Because we are doing the classification work, the loss is still the entropy loss. As for the training and parameter update, follow the fomula:

\begin{matrix} l_{softmax} (z, i) = - \log σ (z_{i}), (where i is the label index) \\ = - \log \frac{\exp (f (x)_{i})}{\sum_{j = 0}^{j < k} \exp (f (x)_{j})} \\ = - f (x)_{i} + \log \sum_{j = 0}^{j < k} \exp (f (x)_{j}), \\ \nabla_{θ} l_{softmax} (X Θ, y) = \frac{1}{m} X^{T} (Z - I_{y}) \\ m is the batch size, Z = n o r m a l i z e (X Θ), I_{y} \in R^{m \times k} is the concatenated one-hot vector \\ θ^{'} = θ - α \nabla l_{softmax} \end{matrix}

In the sequential implementation, to enhance program speed, attention should be directed toward optimizing locality. When the size of the last dimension, specifically the second dimension of the second matrix, is unknown, a general form can be employed. Two key strategies involve precomputing the pointer in advance for efficient data retrieval and reordering the sequence of nested loops to maximize data locality for a row in a matrix.

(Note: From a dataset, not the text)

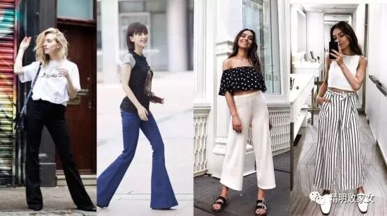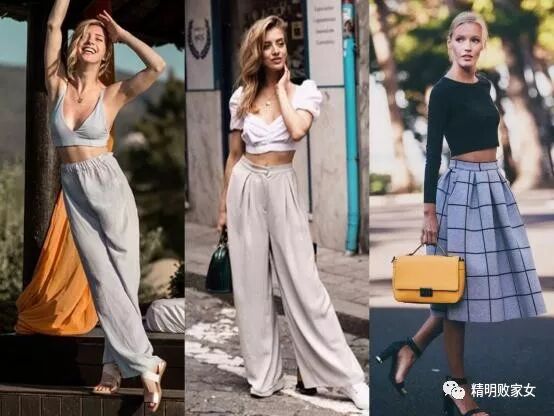 短上衣、croptop、高腰阔腿裤、高腰喇叭裤
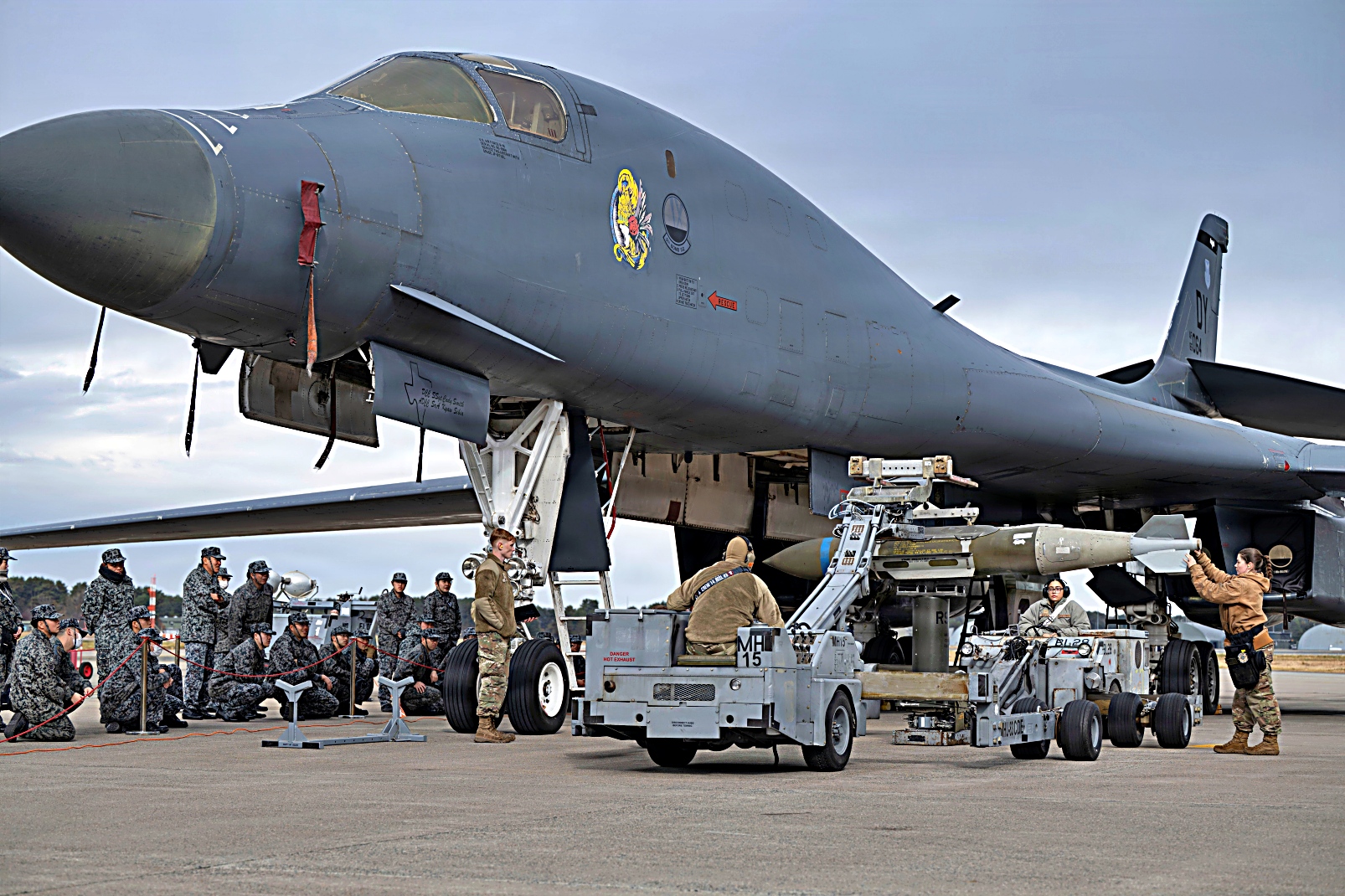 임무 완료전 2025년 11월 13일, 일본 미사와 공군기지에서 진행 중인 Bomber Task Force 배치 기간 중 통합 탄약 적재 행사에서 제9 원정 폭격 비행대 소속 미 공군 병사들이 B-1B 폭격기에 탑재할 GBU-31 폭탄을 운반하고 있다. 탄약 적재 시연 과정에서 탄약 팀들은 지식을 교환하고 작전 기법을 조율하며 유대감을 강화해 실전 임무 수행 시 효율성과 안전성을 높였다.

for(size_t i = 0; i < m; i ++){
    auto A_row = A + i*n; // compute the pointer ahead of time, and repeatedly use 
    auto C_row = C + i*k;
    for(size_t l = 0; l < n; l++){
        auto B_row = B + l*k;
        float A_il = A_row[l];
        for(size_t j = 0; j < k; j++){ // change the for loop sequence for locality
            C_row[j] += A_il*B_row[j];
        }
    }
}

inner loop locality serve first. $A^TB$ , we exanage dimension m, and n.


xxxxxxxxxx
for(size_t x = 0; x < n; x++){
    auto A_row = A + x*m;
    auto B_row = B + x*k;
    for(size_t i = 0; i < m; i++){
        auto C_row = C + i*k;
        for(size_t j = 0; j < k; ++j){
            C_row[j] += A_row[i] * B_row[j];
        }
    }
}

$AB^T$ , we exchange the dimension of n and k

$\theta$ , we can leverage the knowledge to unroll the last dimension. By doing so, the compiler can utilize software pipeline techniques to expedite the execution of the program. This unrolling process involves unfolding the loop corresponding to the last dimension, facilitating more efficient and optimized code generation.


xxxxxxxxxx
for(size_t i = 0; i < m; i ++){
    auto A_row = A + i*n;
    auto C_row = C + i*k;
    for(size_t l = 0; l < n; l++){
        auto B_row = B + l*k;
        float A_il = A_row[l];
        C_row[0] += A_il*B_row[0];
        C_row[1] += A_il*B_row[1];
        C_row[2] += A_il*B_row[2];
        C_row[3] += A_il*B_row[3];
        C_row[4] += A_il*B_row[4];
        C_row[5] += A_il*B_row[5];
        C_row[6] += A_il*B_row[6];
        C_row[7] += A_il*B_row[7];
        C_row[8] += A_il*B_row[8];
        C_row[9] += A_il*B_row[9];
    }
}

Task 2

In OpenACC, we transfer data to the GPU by using #pragma acc enter data copyin(). This pragma is employed to allocate memory on the GPU and initialize it with the specified data. We need to try to avoid unnessory copyin() operation, because cpu gpu communication is expensive.


xxxxxxxxxx
#pragma acc enter data copyin(\
    theta[0:size],\
    train_result[0:size_tr],\
    test_result[0:size_te],\
    train_data->images_matrix[0:m_tr*n],\
    train_data->labels_array[0:m_tr],\
    test_data->images_matrix[0:m_te*n],\
    test_data->labels_array[0:m_te])
#pragma acc enter data copyin(\
    logits[0:m_tr*num_classes], \
    gradients[0:n*num_classes], \
    Y[0:m_tr*num_classes])

Following that, we can employ parallel data computation by initially stating #pragma acc data present() and subsequently adding #pragma acc parallel loop independent. It's noteworthy that matrix multiplication necessitates the use of reduction to aggregate the results.


xxxxxxxxxx
#pragma acc data present(A[0 :m*n], B[0 :n*k], C[0 :m*k])
#pragma acc parallel loop collapse(2)
for(size_t i = 0; i < m; i++){
    for(size_t l = 0; l < k; l++){
        size_t j = 0; 
        float sum = 0.0f;
        #pragma acc loop reduction(+: sum) // use reduction here
        for(; j < n; j ++){
            sum += A[i*n+j] * B[j*k+l];
        }
        C[i*k+l] = sum;
    }
}

After using all the data we need to use #pragma acc exit data delete() to free the memory on the gpu.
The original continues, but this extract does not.